Я ничего не могу поделать с собой и смеюсь.

Конли улыбается, явно подбодрившись.

— Я прошу прощения за их действия. В их мирах даже нет таких требований к деньгам. Для них это всего лишь самоутверждение. И я первый признаю, что их методы оставляют желать лучшего. Мы начали сотрудничество, предполагая, что мы все выиграем, но я первый признаю, что всё получилось не как планировалось.

— Почему вы работаете с ними, если думаете, что они так ужасны? Почему вы вообще начали это — этот сговор? — сотрудничество, чтоб его. Я отталкиваю своё кресло подальше от стола, дальше от Конли и смотрю мимо мамы. — Почему вы не остановились, когда другие Конли начали похищать людей?

— Ох, милая, — мамины глаза наполняются слезами. — Твой отец и я, все мы трое, делаем это по одной и той же причине.

Папа тихо добавляет:

— Мы это делаем потому, что это единственный способ вернуть Джози.

Изогнутые, чёрные стены оказываются огромными экранами. На каждом из них проигрывается своё видео с Джози.

Слева: семейное видео из времён, когда мы с Джози были младше, ещё одно, когда мы на экскурсии в каком-то летающем корабле со стеклянным куполом. Папа держит камеру. Он перемещает фокус от морского берега на нас по очереди. Все одеты монохромно, полностью в розовое или жёлтое. Я забрала волосы в хвост, это также не идёт мне, как и дома, и одета в серое. На экране я вижу, как папа снимает, пока я сама делаю фотографии, может быть, чтобы использовать для картин в будущем. Мама говорит о том, что прибрежная линия имеет фрактальную структуру. Джози подставляет лицо солнцу, купается в нём.

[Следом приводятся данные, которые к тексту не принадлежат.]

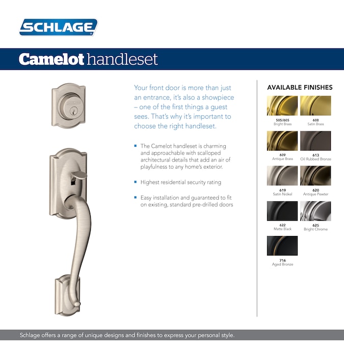- TRUSTED WARRANTY: Schlage locks are backed by a limited lifetime mechanical and finish warranty; see Schlage warranty for full details
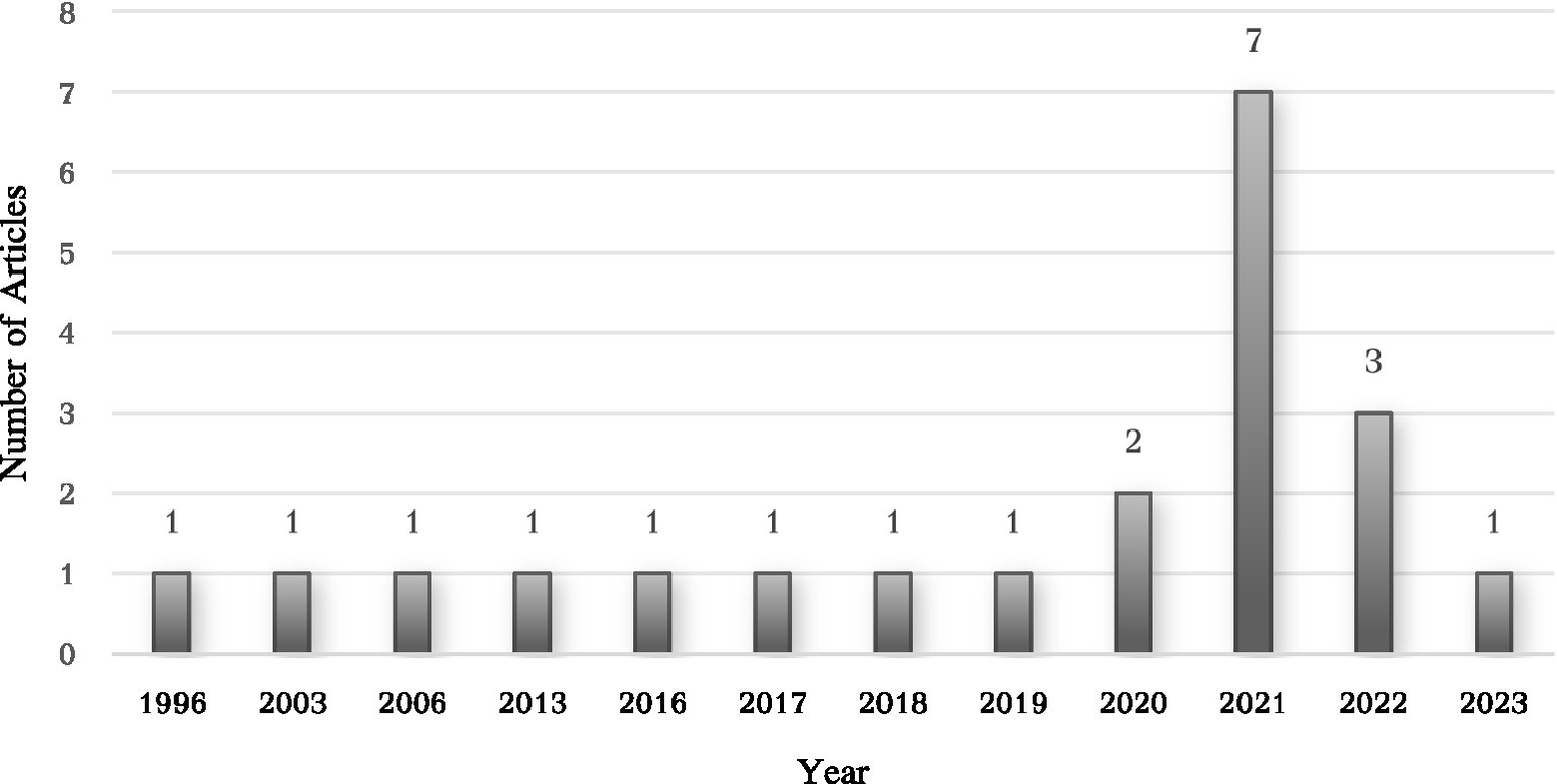 Figure 2 presents the distribution of data across different years from 1996 to 2023. The data shows that several years, such as 1996, 2003, 2006, 2013, 2016, 2017, 2018, and 2019, each have a frequency of 1, indicating relatively low data occurrences in those years. Notably, 2020 stands out with a frequency of 2. The years 2021- and 2022-mark significant peaks in the distribution, with 7 and 3 occurrences respectively, suggesting a concentration of data or research activity during this period. The frequency decreases slightly in 2022 and 2023, with 3 and 1 occurrences, respectively.
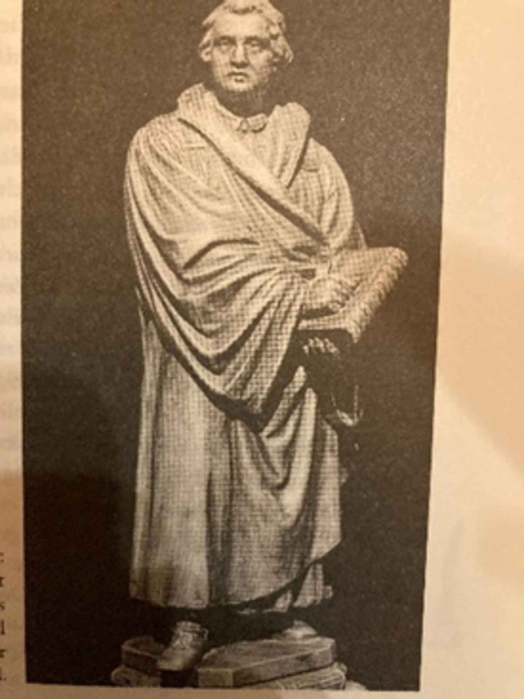 Auf der Fensterbank meines Arbeitszimmers steht … ein unterarmgroßer Blei-Luther, eine Kleinausgabe der Denkmäler, die von der Wende vom 19. zum 20. Jahrhundert an ungezählten Orten in Deutschland aufgestellt wurden: der Reformator als ganzer Kerl, aufrechtes Haupt, vorgestellter rechter Fuß, die Heilige Schrift im starken linken Arm, darauf die rechte Faust. Vorn auf dem Sockel der Spruch: Hier stehe ich, ich kann nicht anders, Gott helfe mir! Amen!“ Und dazu als … Zusatzfunktion: Im Inneren ist eine Spieluhr, die das alte lutherische Kampflied „Ein feste Burg ist unser Gott“ spielt. (163f
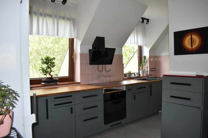 A lakás kivételes hangulatú: minden oldalról fák ölelik körbe, nyáron kevésbé melegszik át, télen pedig kifejezetten harmonikus hőérzetet biztosít.
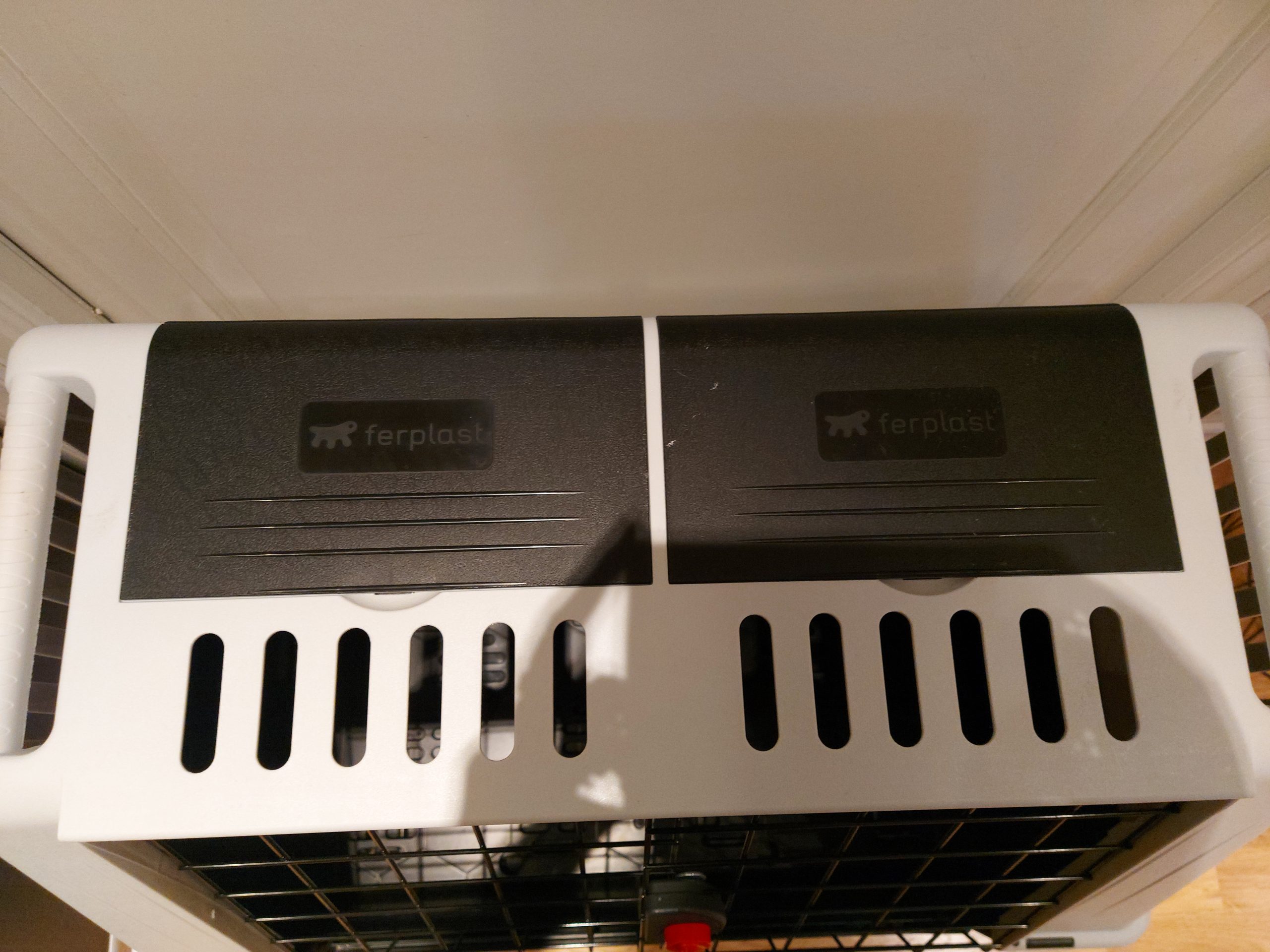 Ikke brukt da det var for stort til min bil. To luker på toppen til og ha hundesnacks og div i, og solide håndtak til og bære.
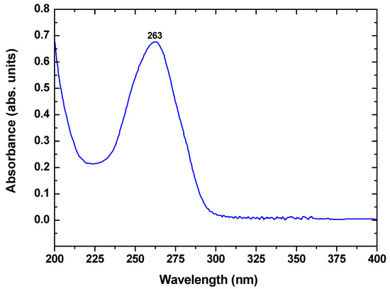 It is important to note that PRM was experimentally found to be stable and not hydrolyzed at this pH (3). The latter was found carrying out a hydrolysis experiment (10.00 mg/L of PRM in deionized water adjusted at pH = 3 with shaking at 25 °C for 24 h—given that this was the maximum contact time in adsorption); the concentration found was 9.86 mg/L, which means 1.4% as a hydrolysis percentage. Additionally, the scanning of the PRM in UV-Vis did not reveal any change in λmax (263 nm) (Figure 9).
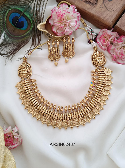 Matte Single Layer Lakshmi Coin Necklace
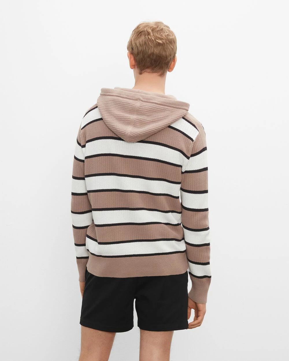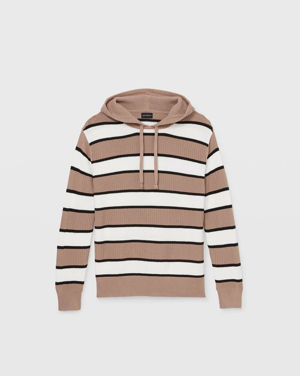 A riff on the essential hoodie. Bold stripes and a chunky knit redefine the classic hoodie into something more visually interesting. Think casual-cool.
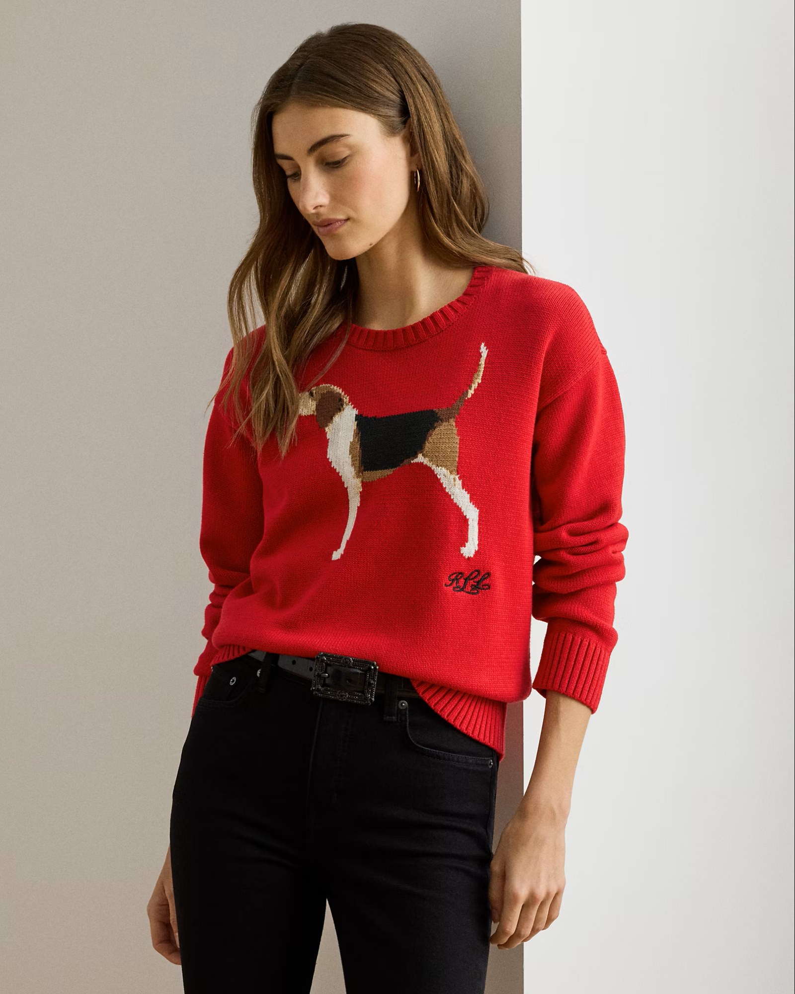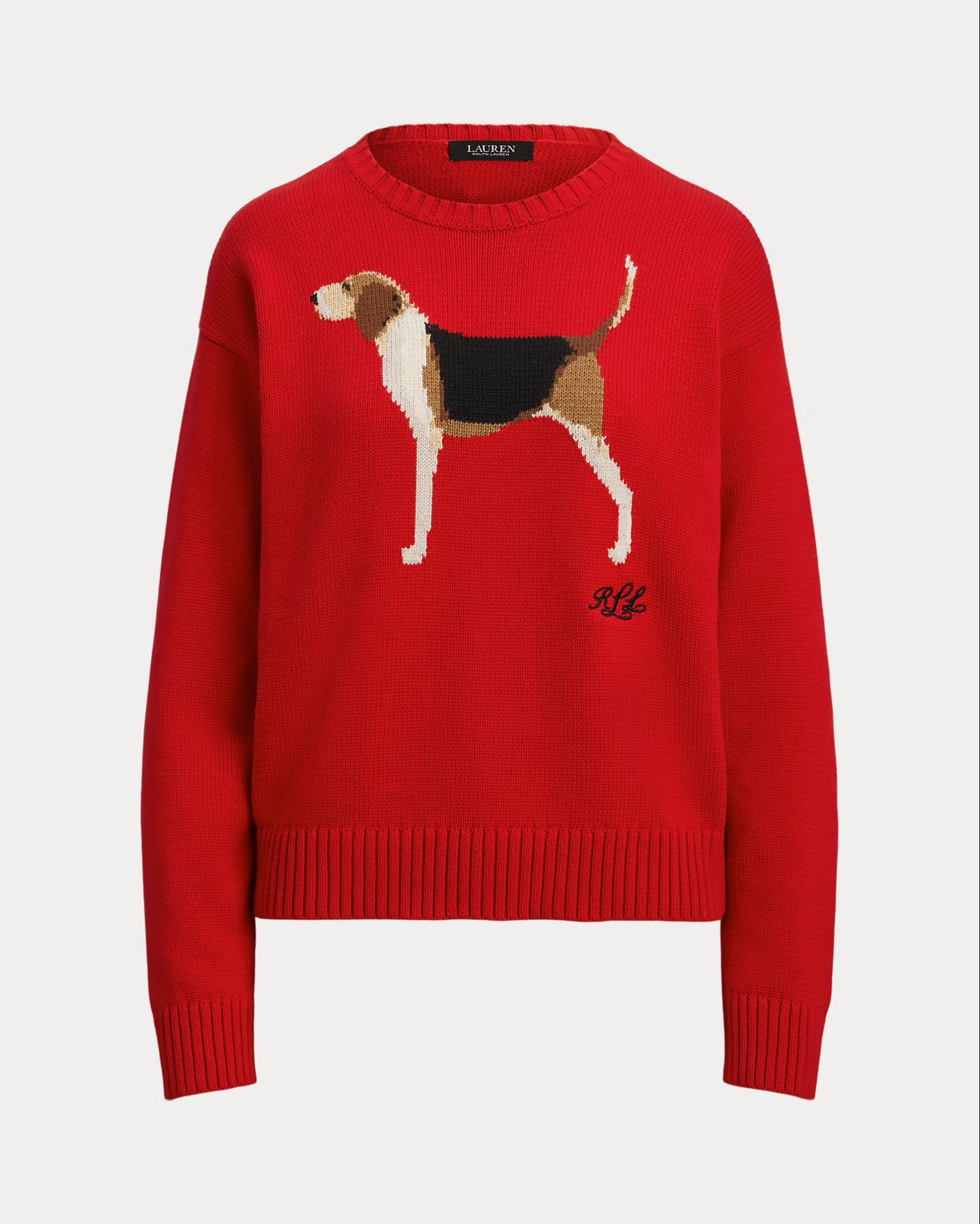 Maglia girocollo a intarsi e logo "LRL" ricamato sul torace.

Справа Джози и Конли на какой-то модной вечеринке. Для меня его одежда не очень отличается от того, что на нём сейчас, но на Джози — длинное шифоновое платье цвета дыни, которое подошло бы и для моего мира, того факта, что она не в джинсах, достаточно для того, чтобы доказать, что это особенное событие. В настенных канделябрах мерцают свечи. Каштановые волосы Джози подобраны верх на одну сторону, на её виске приколот какой-то тропический цветок. Это должно выглядеть смешно, но это не так. Вместо этого она напоминает мне кинодиву из 1940-х, женственную и блестящую. Рука Конли сплетена с её, и он смотрит на неё, как будто она — самый яркий свет в комнате.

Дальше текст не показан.